Italia adalah juara bertahan Piala Eropa. Tetapi status itu tak lantas membuat Gli Azzurri berubah menjadi entitasĀ menakutkan di edisi 2024. Rentetan performa kurang memuaskan akhirnya mengantar Italia ke pintu keluar turnamen. Gli Azzurri ini bagaimanapun bukan Gli Azzurri yang dulu.
Takluk di Tangan Swiss
Italia mengarungi fase grup yang diprediksi bakal terasa mudah buat mereka, dengan langkah tertatih-tatih. Gol cantik dari Mattia Zaccagni di laga melawan Kroasia menjadi penentu langkah pasukan Luciano Spalletti ke babak gugur. Tapi di babak gugur inilah, mentalitas Gli Azzurri kembali teruji.
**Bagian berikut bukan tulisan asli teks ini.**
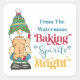 Compartilhe alguns dos seus biscoitos de férias favoritos e guloseimas com familiares e amigos. Inclua este estilo tipográfico de Espíritos Brilhantes na sua embalagem de qualidade cozida. Apresenta um Natal festivo bonito ou um gnomo de férias segurando uma pessoa com pão de gengibre e um pino rolante. Monograma com seu nome.

Swiss datang ke Berlin dengan optimisme tinggi. Murat Yakin selaku nahkoda tim menyebut bahwa Italia bakal ketar-ketir. Padahal di atas kertas, seharusnya La Nati yang berada dalam posisi demikian. Pasalnya, Italia adalah salah satu kekuatan tradisional Eropa, sekaligus juara bertahan Piala Eropa.
Namun, Murat Yakin pada akhirnya membuktikan kalau italia memang khawatir. Swiss benar-benar mengurung Italia di laga 16 besar. Endingnya, sang juara bertahan harus pulang lewat kekalahan dua gol tanpa balas di pertandingan tersebut.
Hilangnya Identitas
Italia selalu menjadi negeri yang disegani, apalagi kalau berbicara soal kancah persepakbolaan. Namun rasa segan dari para penikmat sepakbola rasanya perlahan luntur. Penyebabnya adalah karena Azzurri sendiri telah kehilangan identitasnya.
Dari segi taktikal, banyak perbedaan antara Italia era Spalletti dengan era Mancini. Struktur pertahanan menjadi yang paling kentara. Spalletti mengubah skema tiga bek yang selama ini menjadi ciri khas Italia. Mantan pelatih Napoli itu percaya bahwa taktik yang ia usung bakal membuahkan sesuatu untuk Italia.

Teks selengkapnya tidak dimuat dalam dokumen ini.